PROBLEM REQUIREMENTS:
Write out every entry precisely as given, leaving the pictures out.

EXCERPTED DATA:

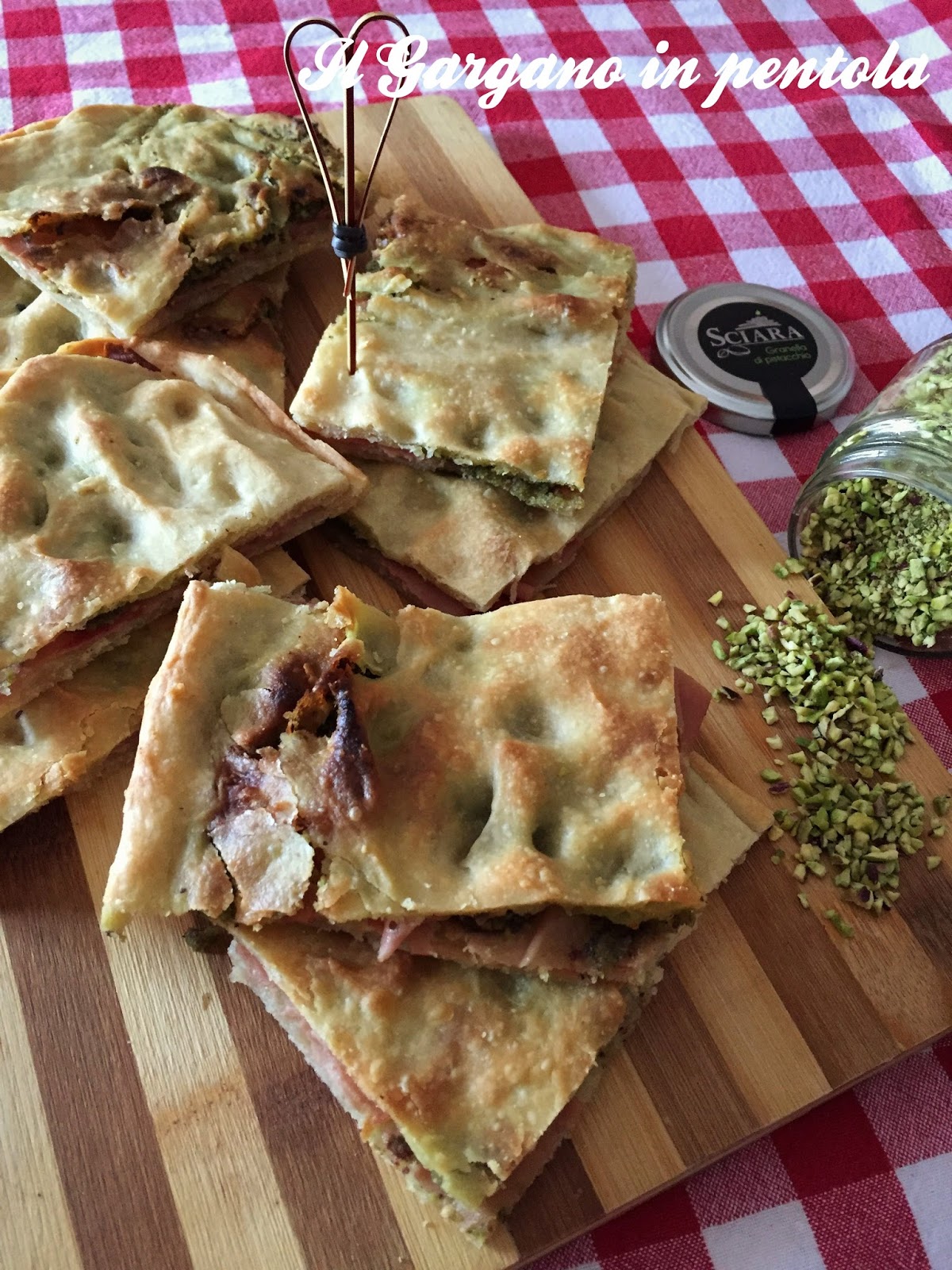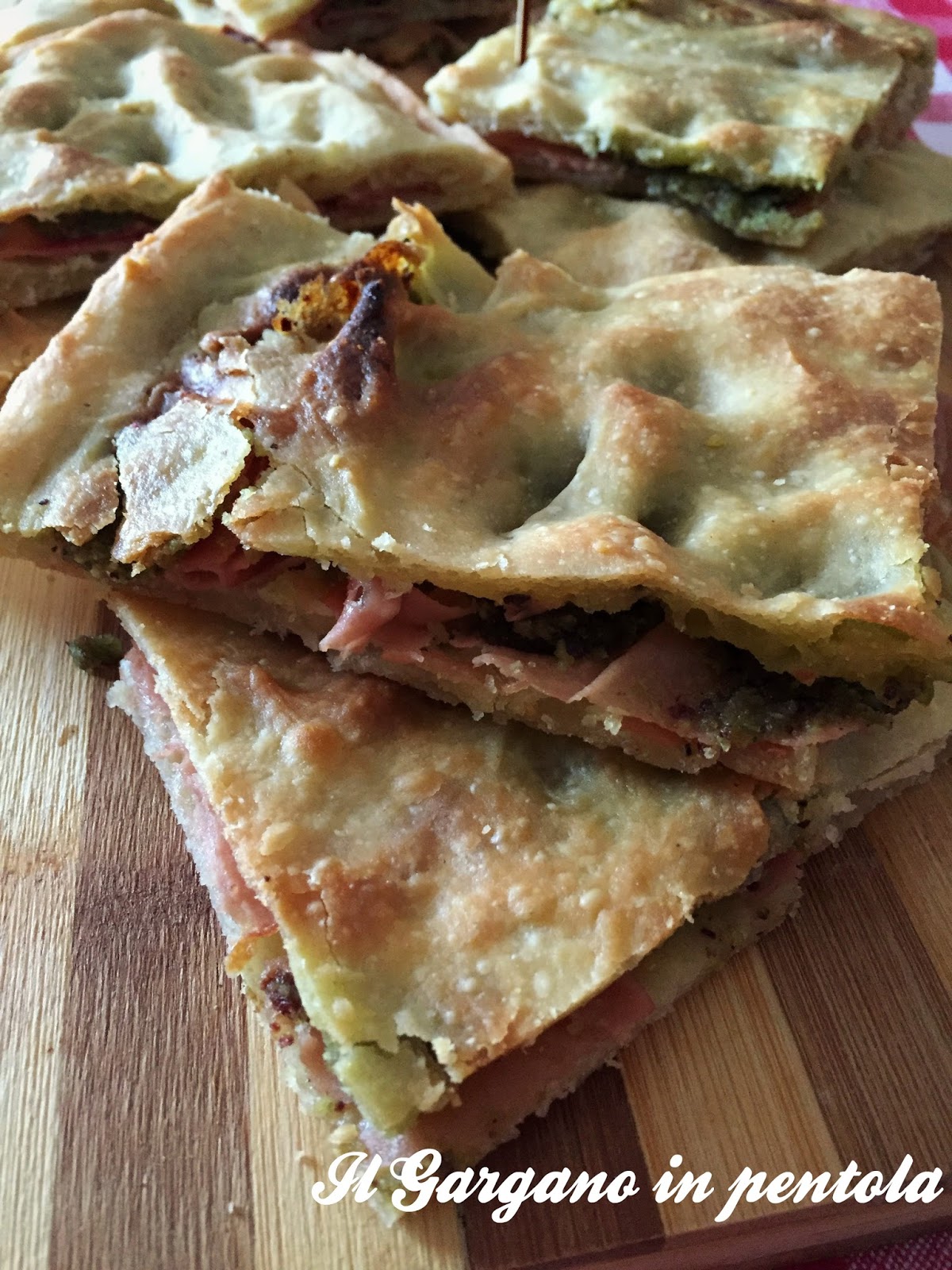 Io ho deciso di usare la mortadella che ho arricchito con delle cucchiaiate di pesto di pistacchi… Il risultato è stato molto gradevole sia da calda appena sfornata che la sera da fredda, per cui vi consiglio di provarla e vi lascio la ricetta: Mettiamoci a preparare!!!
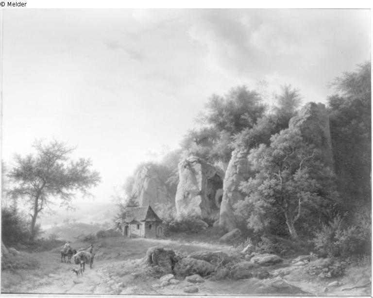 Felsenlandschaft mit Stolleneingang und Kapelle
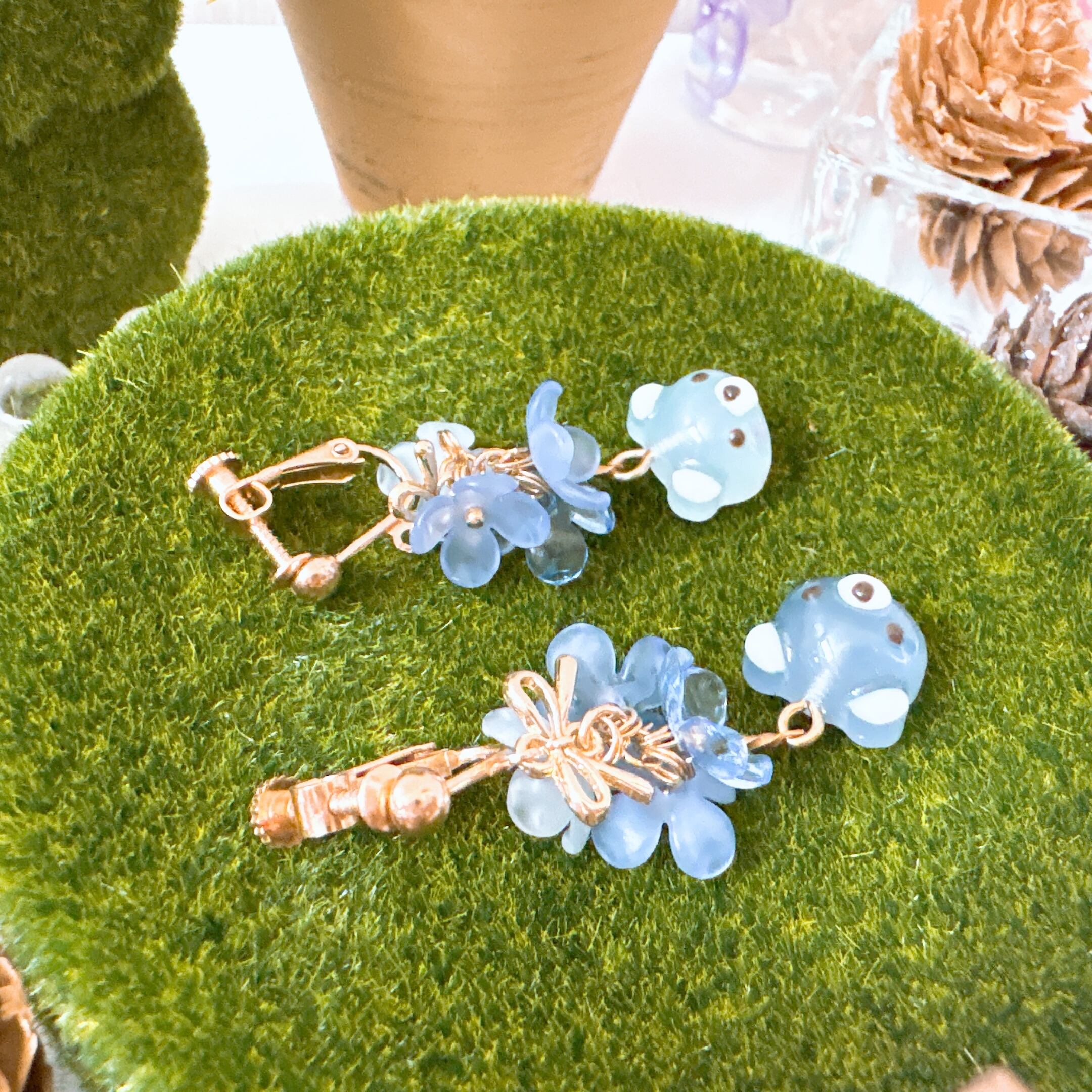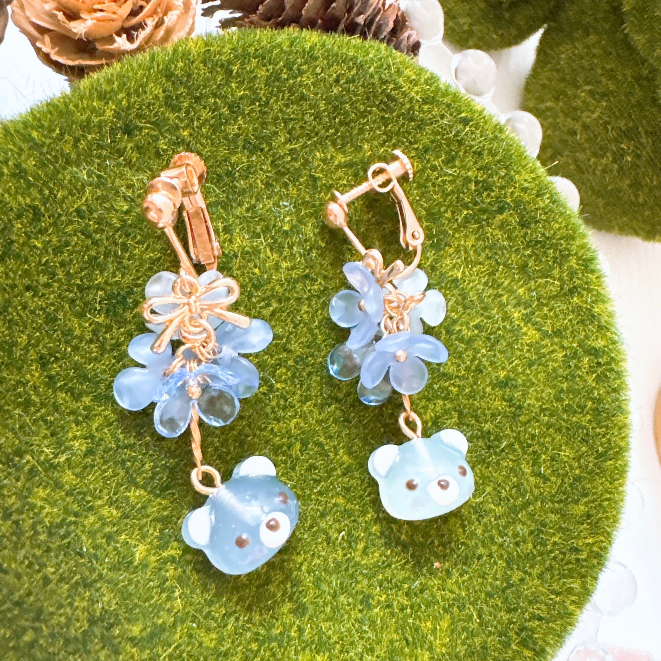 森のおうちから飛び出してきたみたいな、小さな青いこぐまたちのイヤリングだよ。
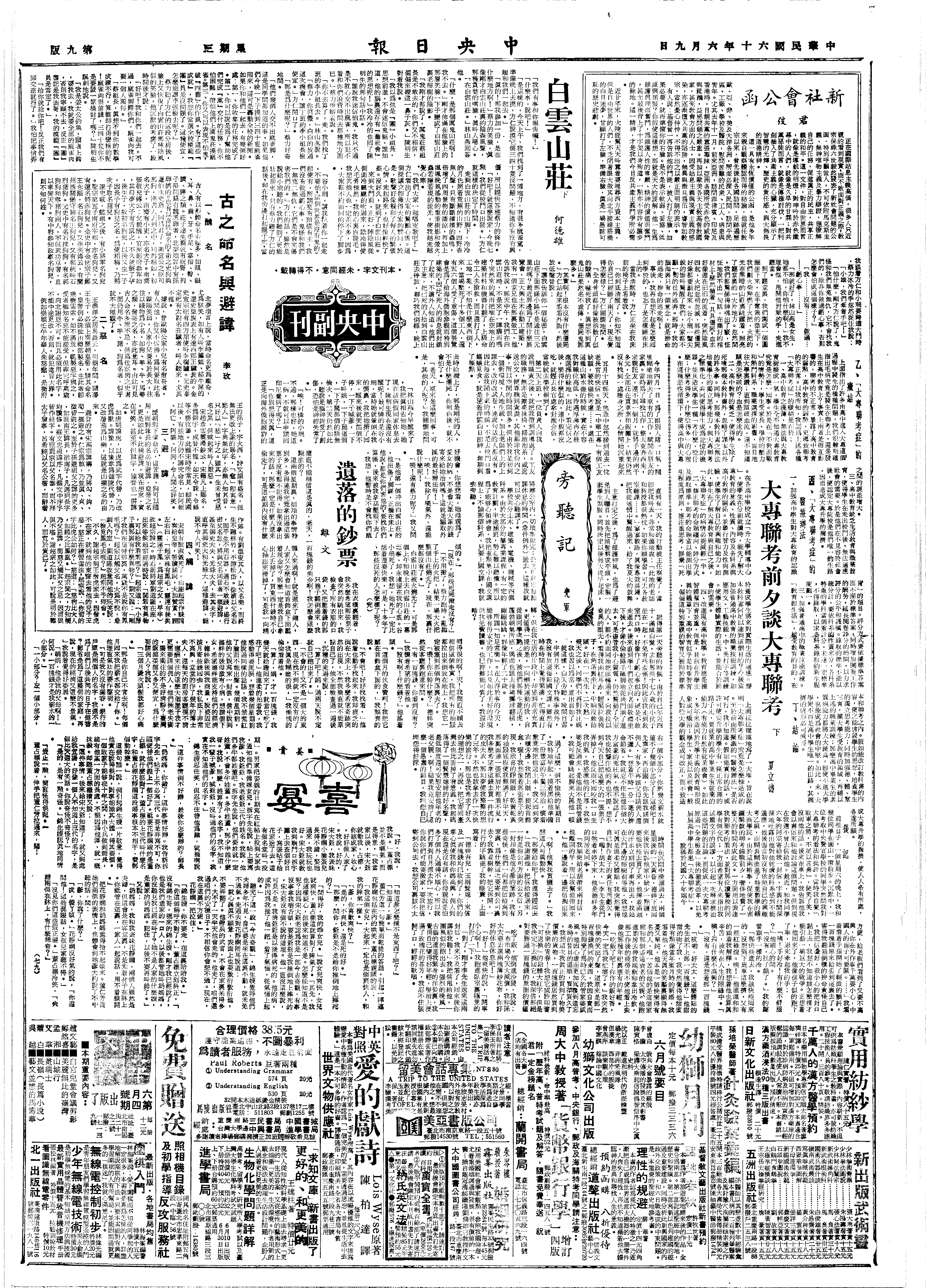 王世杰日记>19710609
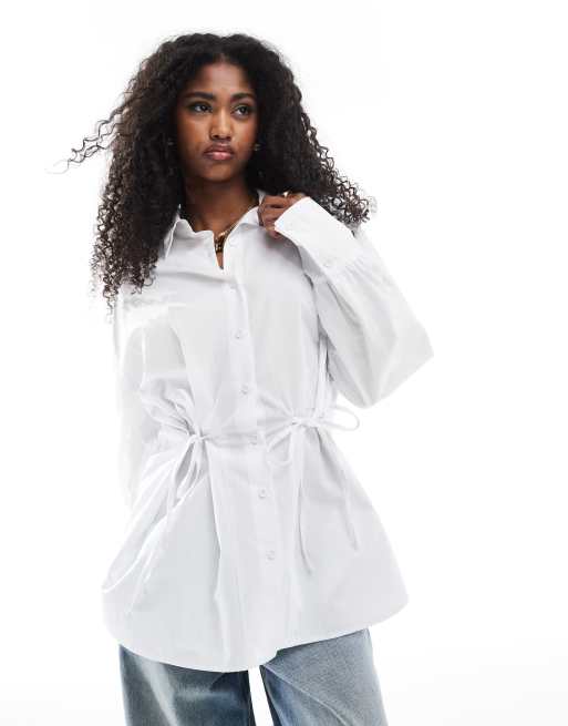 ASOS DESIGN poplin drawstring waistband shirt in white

RESPONSE AREA:
 Io ho deciso di usare la mortadella che ho arricchito con delle cucchiaiate di pesto di pistacchi… Il risultato è stato molto gradevole sia da calda appena sfornata che la sera da fredda, per cui vi consiglio di provarla e vi lascio la ricetta: Mettiamoci a preparare!!!
 Felsenlandschaft mit Stolleneingang und Kapelle
 森のおうちから飛び出してきたみたいな、小さな青いこぐまたちのイヤリングだよ。
 王世杰日记>19710609
 ASOS DESIGN poplin drawstring waistband shirt in white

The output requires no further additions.